Tennis-Tsitsipas seeks the joy of competition ahead of Melbourne Park return


Tennis - Australian Open - Melbourne Park, Melbourne, Australia - January 15, 2026 Greece's Stefanos Tsitsipas during practice REUTERS/Edgar Su

MELBOURNE, Jan 16 (Reuters) - Stefanos Tsitsipas ‌returns to Grand Slam tennis following a back injury that derailed the second half of his ‌2025 campaign and the former Australian Open runner-up said on Friday he was only focused ‌on enjoying himself at Melbourne Park. The former world number three played two singles matches for Greece in the Davis Cup in September after his second-round exit at the U.S. Open a month earlier, before taking time off to recover from the niggling issue.
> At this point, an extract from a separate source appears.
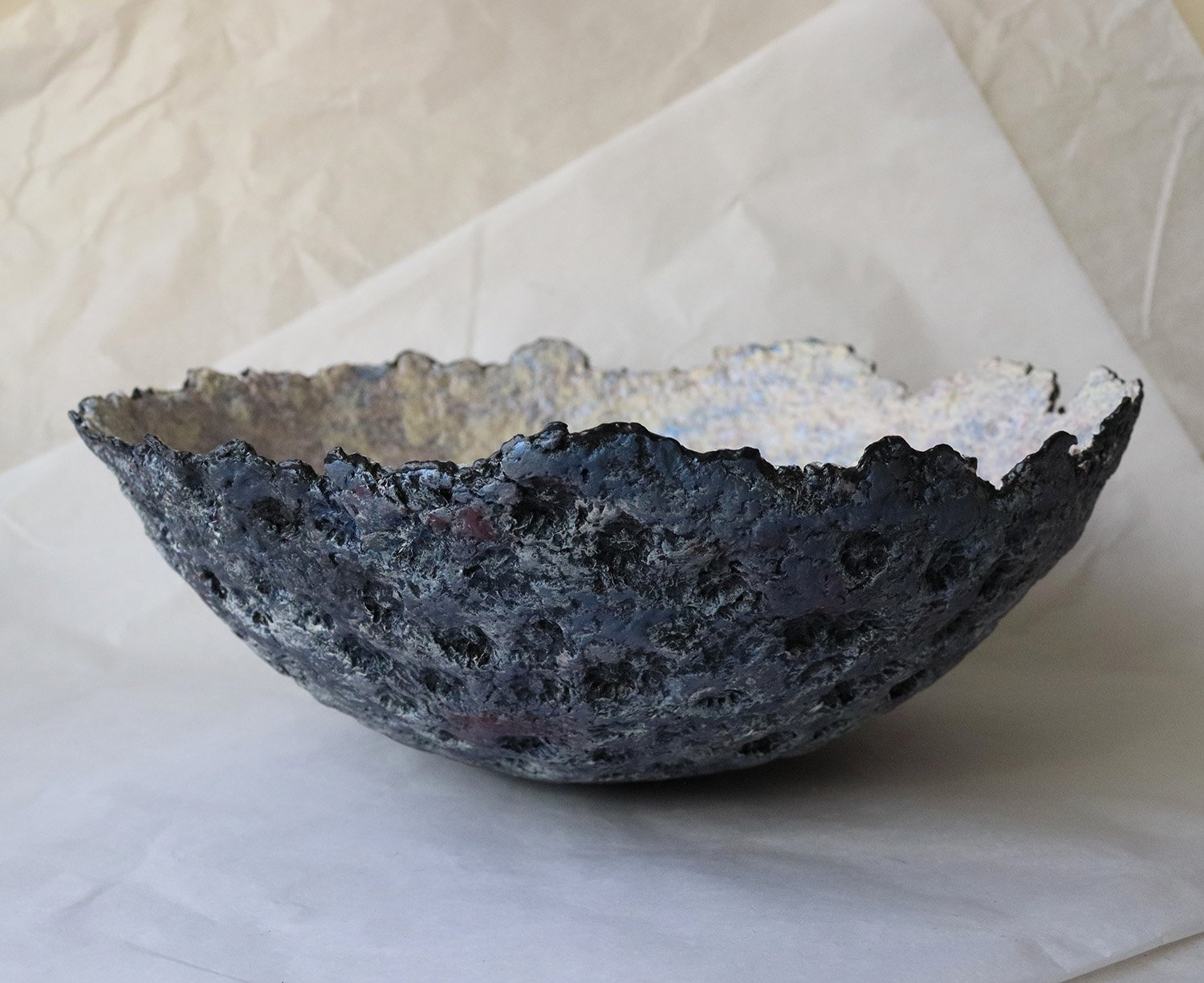 Rather than being a perfectly symmetrical bowl, this piece celebrates the beauty of texture, imperfection and handmade craftsmanship. Its sculptural form makes it as much an art object as it is a decorative bowl.

Ahead ‍of the year's opening major, where he reached the final in ‍2023, Tsitsipas said his goal was just ‌to feel competitive again after managing only two match wins at the Grand Slams last year.

"I'm not looking ‍for ​big, super-duper things on court," he said.

"I just want to go out there, enjoy the competitive aspect of the game where you have players go back and forth, and fall in love with that ⁠process ... seeing what that brings out of my game. "These are the ‌type of things that I'm focused on right now," added Tsitsipas, who has slipped to number 33 in the rankings amid his ⁠injury struggles.

Tsitsipas said the ‍governing body of men's tennis had to make changes to the tour schedule as too many players were retiring from matches and suffering injuries, highlighting the intensity of the ATP 1000 tournaments, many of which run to 12 days.

"There are a ‍lot of serious concerns with the tour, and I'm sure ‌a lot of players have spoken about those things," he said. "I'm not someone to complain, because I love the ATP Tour. I love what it offers to us players and the opportunities it gives us, but it's just (that) the schedule is way too saturated." ATP Chairman Andrea Gaudenzi defended the crowded calendar in October, saying scheduling remains the players' choice and that the tour was working to set clearer incentives so the right number of matches are played across the season. "I don't think it's a coincidence that so many players were injured in 2025, ‌and there's a statistic that I saw. We haven't had a year like that with so many retirements," Tsitsipas said. "I believe it's a direct correlation to what the tour is doing to us. I don't think it's accidental that this happened. Masters 1000s ​are way too long. "There's a formula that can be applied on that where you reduce a few days here and there, and you just have the perfect formula, just tiny adjustments to make it work."